_Goal of the exercise:_
Below are records with pictures. Transcribe exactly, and only, the lines from the line with "Inspired by vintage" to the line with "Low-Poly Street Market", both ends included, but not the pictures.

_Data extract:_
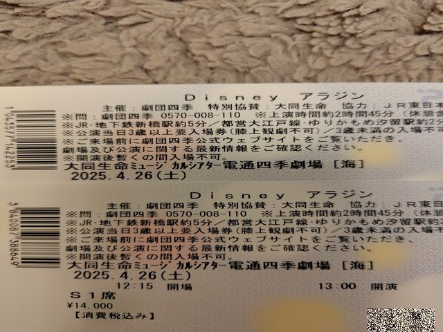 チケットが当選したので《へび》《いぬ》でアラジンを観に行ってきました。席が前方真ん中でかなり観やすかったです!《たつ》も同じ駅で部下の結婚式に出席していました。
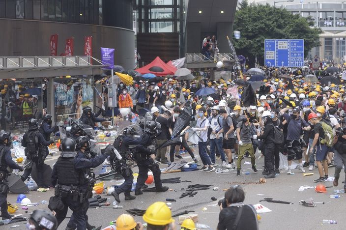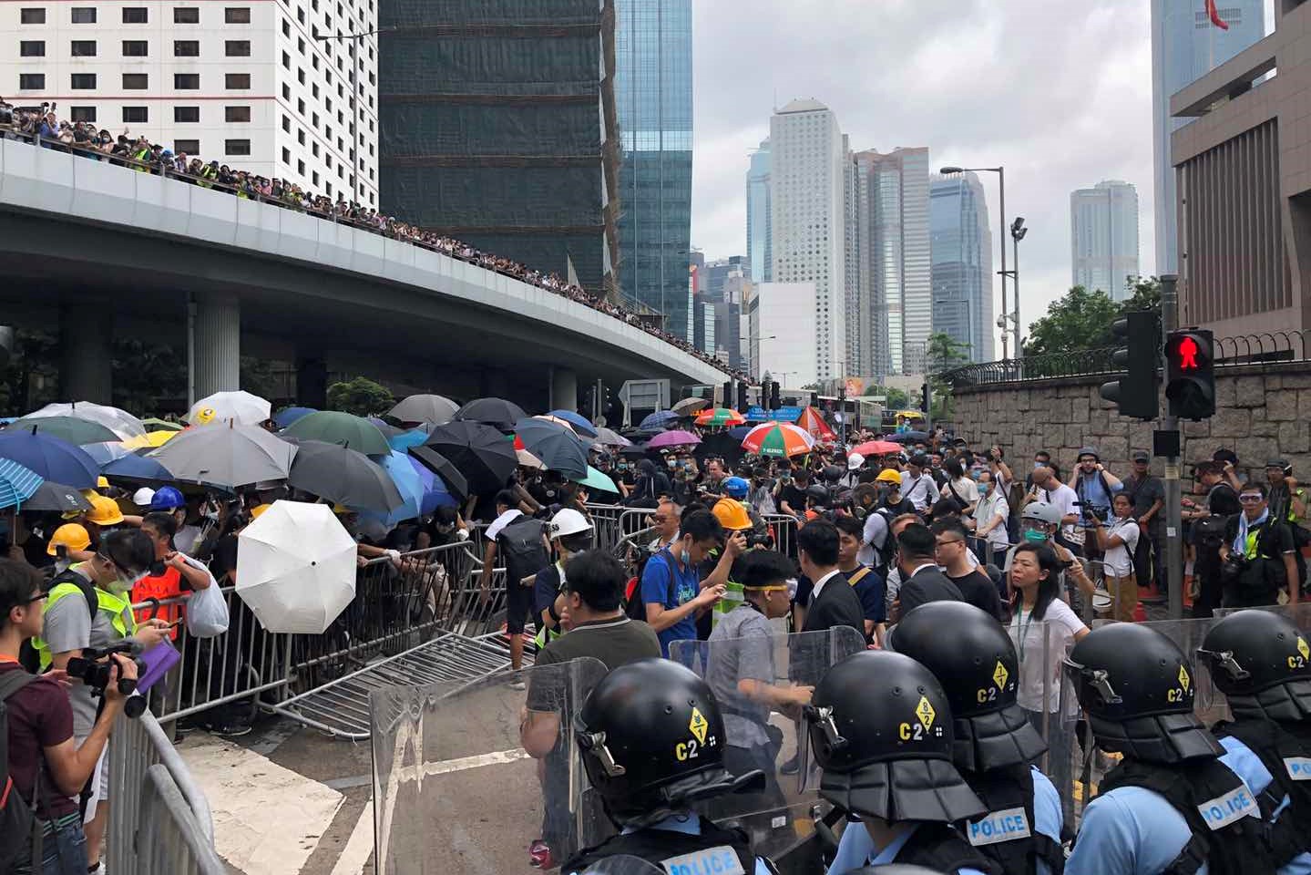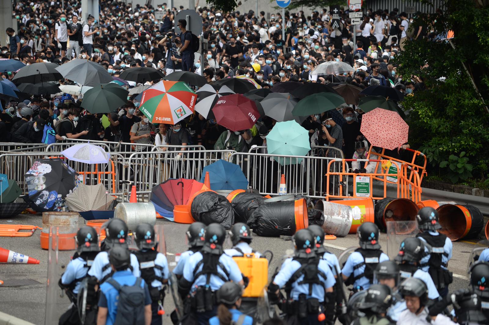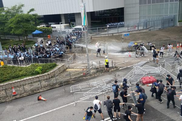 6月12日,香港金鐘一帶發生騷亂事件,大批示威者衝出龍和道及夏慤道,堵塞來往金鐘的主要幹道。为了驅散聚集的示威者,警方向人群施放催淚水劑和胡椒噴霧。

...

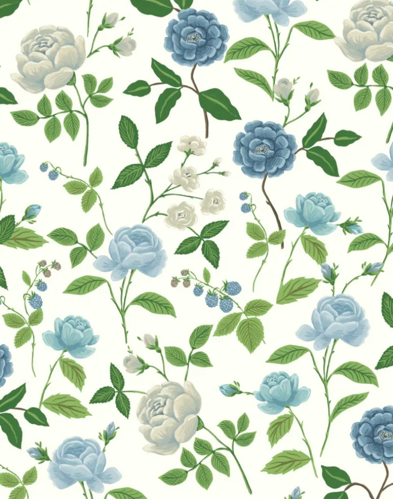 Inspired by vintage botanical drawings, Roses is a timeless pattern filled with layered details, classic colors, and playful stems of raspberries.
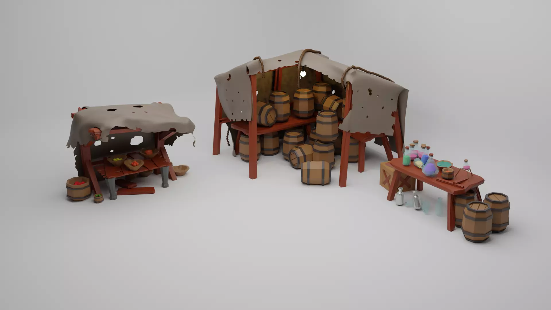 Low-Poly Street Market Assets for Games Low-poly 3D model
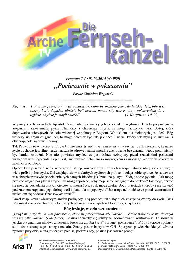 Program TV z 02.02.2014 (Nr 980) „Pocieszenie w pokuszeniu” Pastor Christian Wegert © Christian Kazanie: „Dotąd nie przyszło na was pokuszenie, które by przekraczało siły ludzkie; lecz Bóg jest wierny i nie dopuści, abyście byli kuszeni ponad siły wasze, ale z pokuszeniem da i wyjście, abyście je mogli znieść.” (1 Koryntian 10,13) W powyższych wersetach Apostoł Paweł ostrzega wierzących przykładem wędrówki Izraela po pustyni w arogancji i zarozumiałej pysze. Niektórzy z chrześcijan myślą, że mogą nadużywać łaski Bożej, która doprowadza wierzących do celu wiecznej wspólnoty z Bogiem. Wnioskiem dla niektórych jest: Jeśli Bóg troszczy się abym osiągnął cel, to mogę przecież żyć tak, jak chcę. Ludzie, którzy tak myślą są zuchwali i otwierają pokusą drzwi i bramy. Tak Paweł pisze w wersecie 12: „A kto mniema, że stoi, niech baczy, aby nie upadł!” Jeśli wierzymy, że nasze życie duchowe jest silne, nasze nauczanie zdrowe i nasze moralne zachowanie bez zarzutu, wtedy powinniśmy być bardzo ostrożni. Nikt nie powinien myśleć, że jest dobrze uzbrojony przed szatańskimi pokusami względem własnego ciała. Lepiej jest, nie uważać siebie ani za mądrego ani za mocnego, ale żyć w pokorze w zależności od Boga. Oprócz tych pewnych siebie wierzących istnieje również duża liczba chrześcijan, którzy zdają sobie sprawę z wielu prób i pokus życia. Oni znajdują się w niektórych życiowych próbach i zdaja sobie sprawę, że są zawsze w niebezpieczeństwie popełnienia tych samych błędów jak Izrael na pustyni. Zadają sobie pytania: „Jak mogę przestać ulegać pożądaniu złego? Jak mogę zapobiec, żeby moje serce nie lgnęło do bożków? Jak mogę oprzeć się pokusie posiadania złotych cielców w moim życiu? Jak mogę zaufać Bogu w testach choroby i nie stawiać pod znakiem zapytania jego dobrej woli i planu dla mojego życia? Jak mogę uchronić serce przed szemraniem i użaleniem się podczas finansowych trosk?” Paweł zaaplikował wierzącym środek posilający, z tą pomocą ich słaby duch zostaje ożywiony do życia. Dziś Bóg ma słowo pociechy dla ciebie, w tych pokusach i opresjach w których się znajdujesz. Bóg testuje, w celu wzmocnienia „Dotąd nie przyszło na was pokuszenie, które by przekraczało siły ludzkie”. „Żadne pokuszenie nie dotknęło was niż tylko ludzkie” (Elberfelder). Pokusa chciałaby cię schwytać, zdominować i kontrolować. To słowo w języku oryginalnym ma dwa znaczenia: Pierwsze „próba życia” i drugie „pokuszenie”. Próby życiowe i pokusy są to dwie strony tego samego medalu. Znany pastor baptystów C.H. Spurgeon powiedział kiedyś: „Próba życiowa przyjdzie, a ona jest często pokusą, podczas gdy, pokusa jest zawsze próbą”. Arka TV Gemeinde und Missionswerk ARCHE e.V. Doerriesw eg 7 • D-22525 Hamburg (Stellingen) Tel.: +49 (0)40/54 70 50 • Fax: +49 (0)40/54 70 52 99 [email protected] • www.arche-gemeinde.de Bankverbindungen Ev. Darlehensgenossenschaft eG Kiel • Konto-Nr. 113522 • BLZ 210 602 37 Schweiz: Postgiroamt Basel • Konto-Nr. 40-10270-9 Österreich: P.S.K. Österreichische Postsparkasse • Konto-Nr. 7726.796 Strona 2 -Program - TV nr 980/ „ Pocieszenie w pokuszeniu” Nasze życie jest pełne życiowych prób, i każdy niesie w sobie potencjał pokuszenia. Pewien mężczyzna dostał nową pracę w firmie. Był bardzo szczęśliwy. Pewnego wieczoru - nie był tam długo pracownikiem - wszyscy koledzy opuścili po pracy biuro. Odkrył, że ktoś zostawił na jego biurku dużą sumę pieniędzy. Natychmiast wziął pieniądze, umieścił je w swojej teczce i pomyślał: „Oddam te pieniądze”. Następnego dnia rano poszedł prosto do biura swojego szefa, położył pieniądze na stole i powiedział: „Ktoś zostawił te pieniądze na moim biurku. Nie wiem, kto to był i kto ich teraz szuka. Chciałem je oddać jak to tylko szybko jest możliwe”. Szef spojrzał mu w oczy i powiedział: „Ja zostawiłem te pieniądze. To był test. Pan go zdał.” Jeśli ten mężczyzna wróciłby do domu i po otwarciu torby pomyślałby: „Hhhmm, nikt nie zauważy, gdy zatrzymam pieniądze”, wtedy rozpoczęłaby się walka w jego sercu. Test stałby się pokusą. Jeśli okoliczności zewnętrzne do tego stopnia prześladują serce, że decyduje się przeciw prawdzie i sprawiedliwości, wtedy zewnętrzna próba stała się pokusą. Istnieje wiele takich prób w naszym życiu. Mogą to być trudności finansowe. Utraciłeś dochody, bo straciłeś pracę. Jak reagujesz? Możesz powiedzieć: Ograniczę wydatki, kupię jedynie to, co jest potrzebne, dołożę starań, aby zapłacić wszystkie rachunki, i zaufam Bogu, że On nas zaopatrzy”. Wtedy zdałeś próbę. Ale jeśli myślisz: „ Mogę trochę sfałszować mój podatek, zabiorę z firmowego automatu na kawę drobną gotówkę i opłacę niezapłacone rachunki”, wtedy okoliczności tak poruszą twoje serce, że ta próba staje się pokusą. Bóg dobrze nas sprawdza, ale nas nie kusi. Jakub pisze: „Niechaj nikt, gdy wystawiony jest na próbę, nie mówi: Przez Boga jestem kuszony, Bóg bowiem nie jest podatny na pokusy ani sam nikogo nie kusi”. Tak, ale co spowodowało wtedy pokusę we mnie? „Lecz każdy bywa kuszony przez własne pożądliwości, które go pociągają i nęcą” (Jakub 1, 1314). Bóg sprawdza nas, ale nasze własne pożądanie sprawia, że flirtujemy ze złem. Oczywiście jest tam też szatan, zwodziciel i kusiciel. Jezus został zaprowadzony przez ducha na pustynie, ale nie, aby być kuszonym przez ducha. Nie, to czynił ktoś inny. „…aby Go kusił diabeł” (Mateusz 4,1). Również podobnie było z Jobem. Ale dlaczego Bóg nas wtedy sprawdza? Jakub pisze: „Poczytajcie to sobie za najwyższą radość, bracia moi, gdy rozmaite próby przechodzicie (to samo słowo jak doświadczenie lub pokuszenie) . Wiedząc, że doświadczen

...

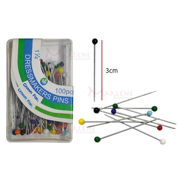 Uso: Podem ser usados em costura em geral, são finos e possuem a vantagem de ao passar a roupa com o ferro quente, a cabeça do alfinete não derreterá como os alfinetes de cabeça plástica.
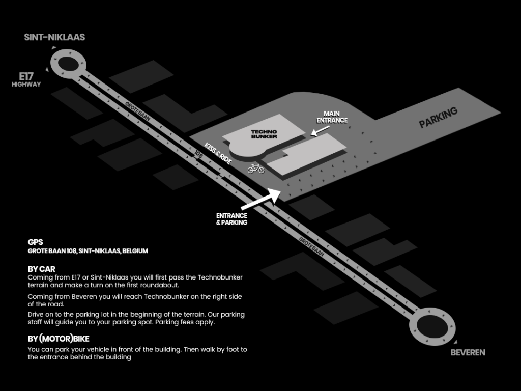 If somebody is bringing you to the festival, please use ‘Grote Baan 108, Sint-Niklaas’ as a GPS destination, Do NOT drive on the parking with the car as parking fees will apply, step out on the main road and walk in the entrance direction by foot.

_Answer to this task:_
 Inspired by vintage botanical drawings, Roses is a timeless pattern filled with layered details, classic colors, and playful stems of raspberries.
 Low-Poly Street Market Assets for Games Low-poly 3D model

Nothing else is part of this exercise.